-------- Information --------
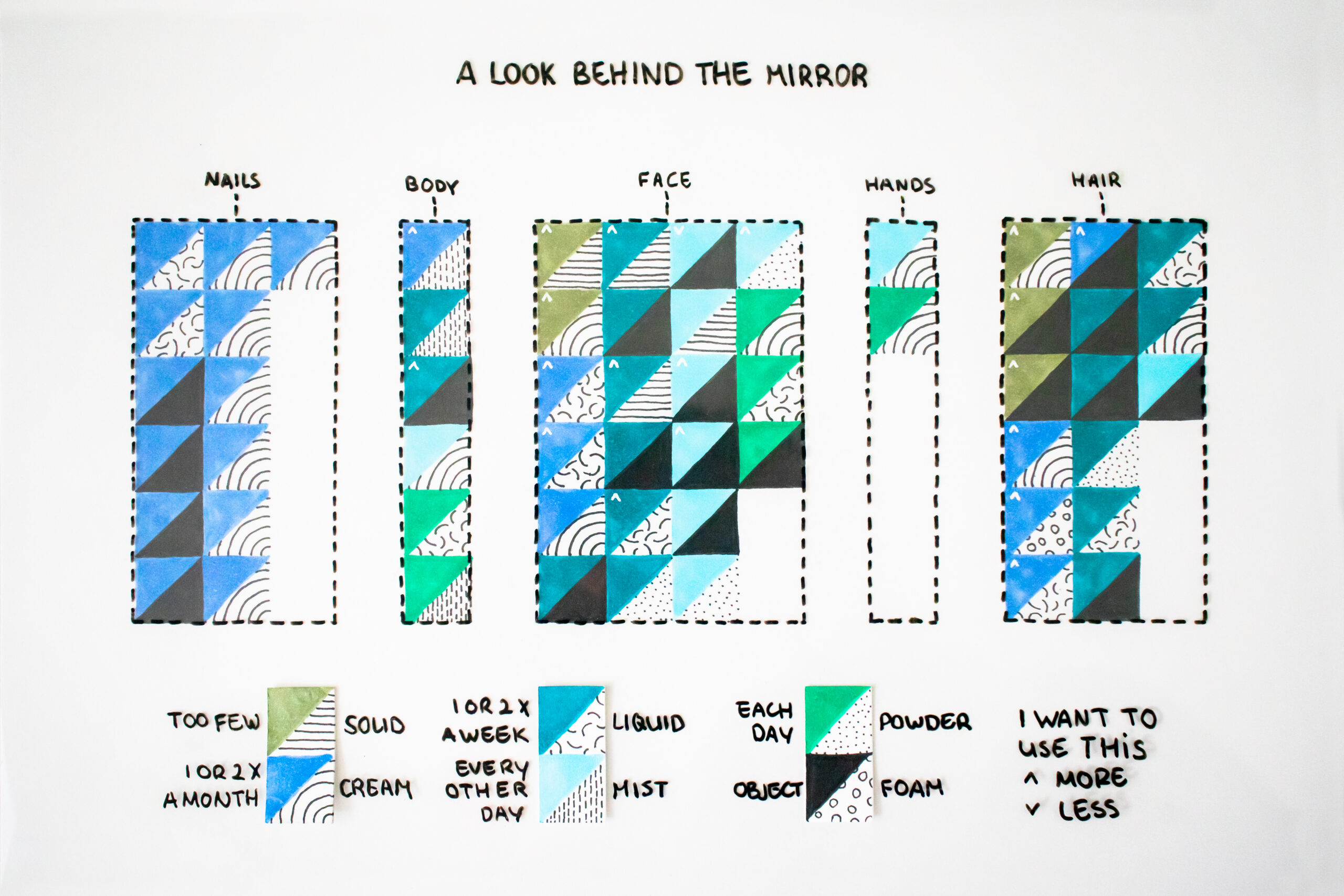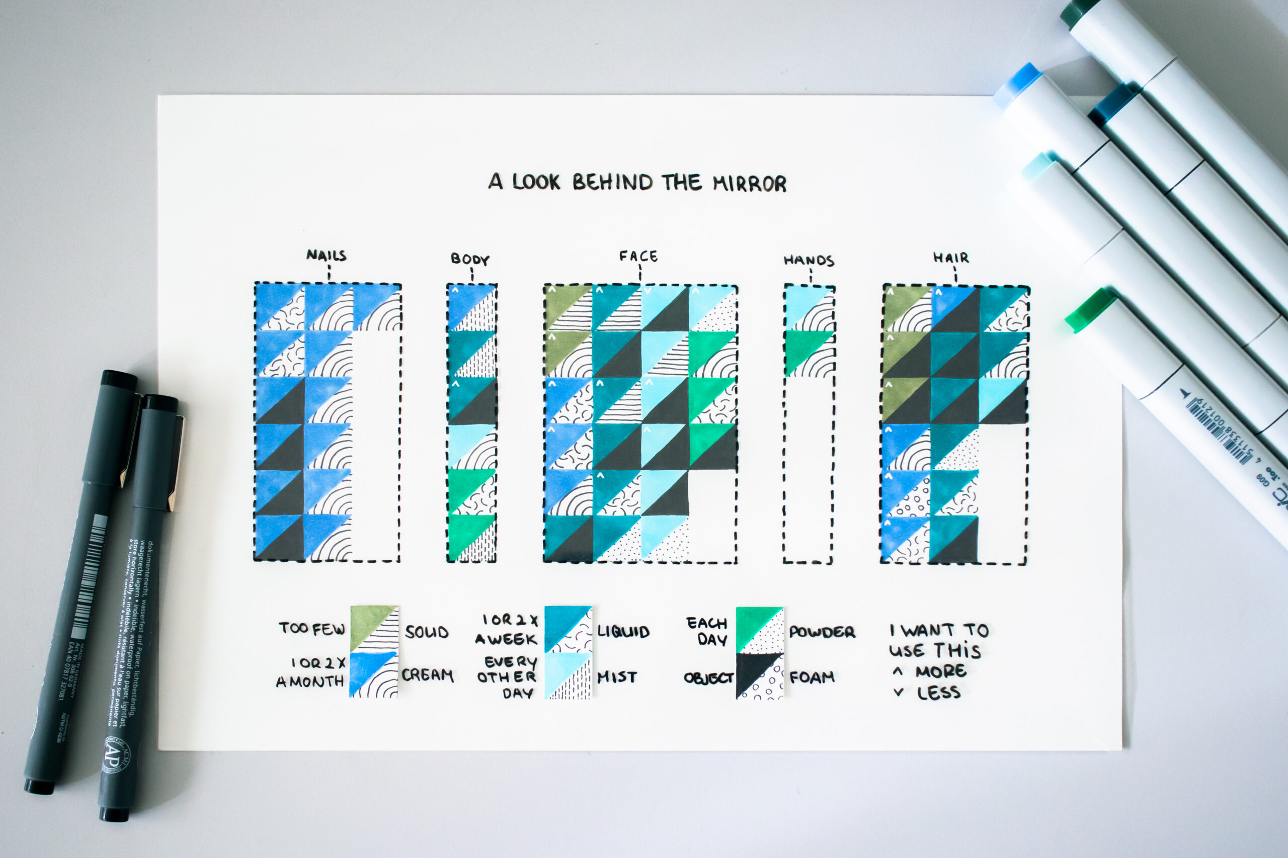 Ik bracht verschillende eigenschappen in kaart, zoals samenstelling, gebruiksfrequentie en het deel van het lichaam waarvoor ze bedoeld zijn. Door deze gegevens te visualiseren ontstond een abstract beeld dat niet alleen mijn gewoontes laat zien, maar ook de veranderingen die ik daarin zou willen maken.
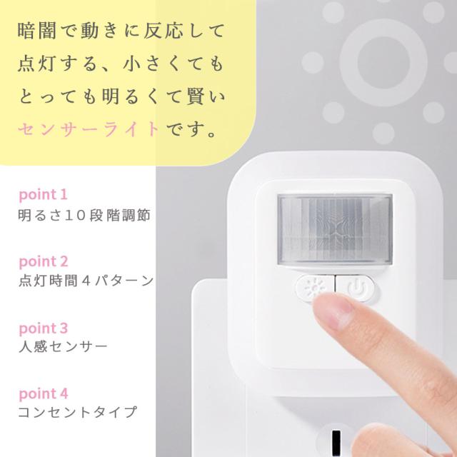 【自動点灯のコンパクトセンサーライト】暗闇で動きに反応して点灯する、小さくてもとっても明るくて賢いセンサーライトです。明るさ10段階調節、点灯時間4パターン、人感センサー、コンセントタイプ、といった小さいながらほしい機能が詰まっています。コンセント式で、充電の手間や、電池交換要らず。
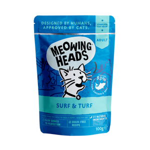 Meowing Heads Surf & Turf Adult Wet Cat Food in Pouches - Fish, Chicken & Beef
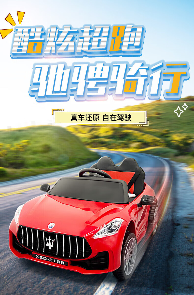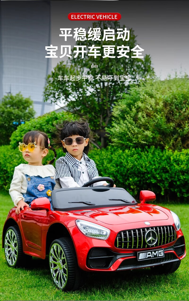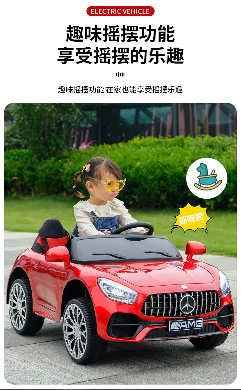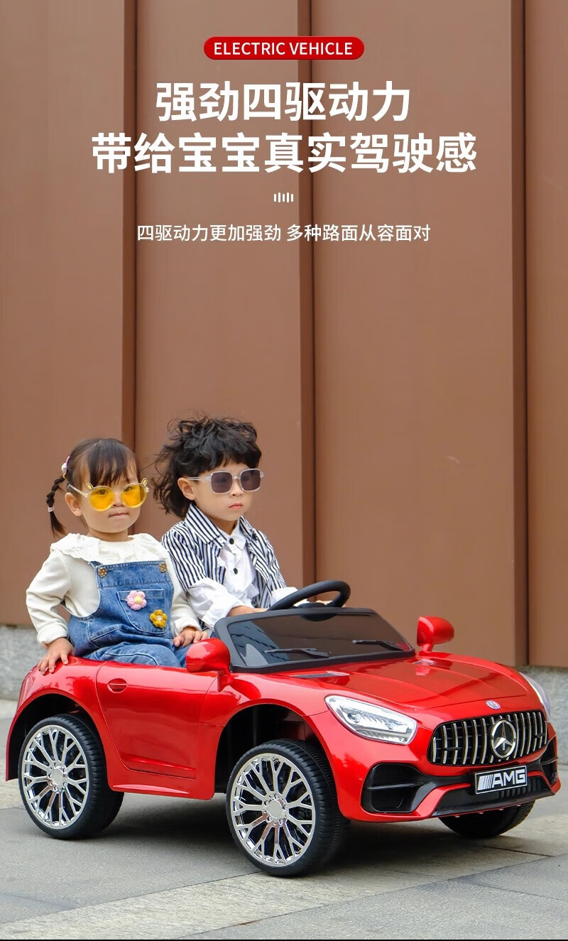 Fun Baby Masha children's electric car can sit on the remote control car for adults, the child can drive the stroller toy car, four-wheel electric, red, without remote control
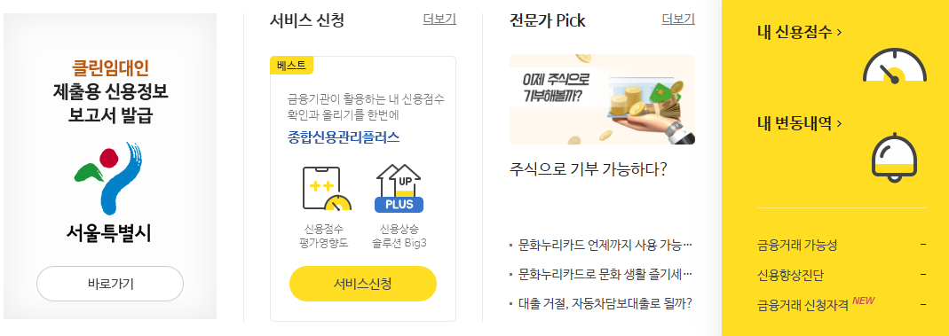 - 카카오: 카카오 앱에서도 신용점수를 손쉽게 조회할 수 있습니다. 카카오 앱을 다운로드한 후, 다음 경로를 통해 신용점수를 확인하세요.
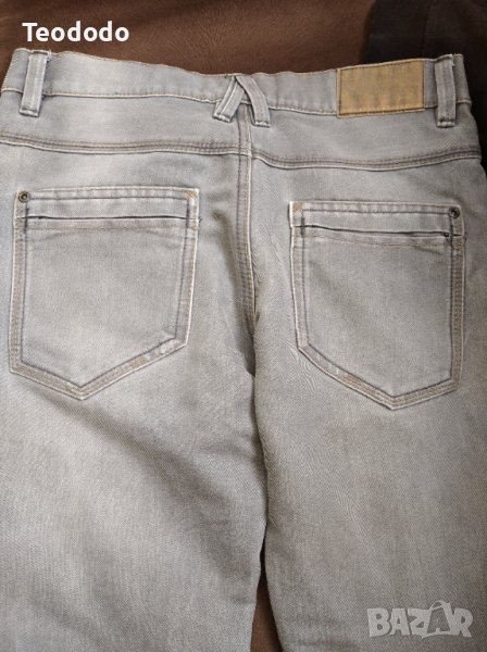 Детски дънки there here, ръст 152, цвят сиви подплатени с памучна тънка подплата, без забележки. В комплект с блуза плетиво s. Oliver, ръст 152. Зелена ватирана блуза размерът се вижда на снимката, цена за всичко15
--------
### Work to complete
Begin with the line that contains "Meowing Heads Surf" and repeat every line through the end of the data, exactly and only those lines, leaving out the pictures.

### Answer to the problem
 Meowing Heads Surf & Turf Adult Wet Cat Food in Pouches - Fish, Chicken & Beef
 Fun Baby Masha children's electric car can sit on the remote control car for adults, the child can drive the stroller toy car, four-wheel electric, red, without remote control
 - 카카오: 카카오 앱에서도 신용점수를 손쉽게 조회할 수 있습니다. 카카오 앱을 다운로드한 후, 다음 경로를 통해 신용점수를 확인하세요.
 Детски дънки there here, ръст 152, цвят сиви подплатени с памучна тънка подплата, без забележки. В комплект с блуза плетиво s. Oliver, ръст 152. Зелена ватирана блуза размерът се вижда на снимката, цена за всичко15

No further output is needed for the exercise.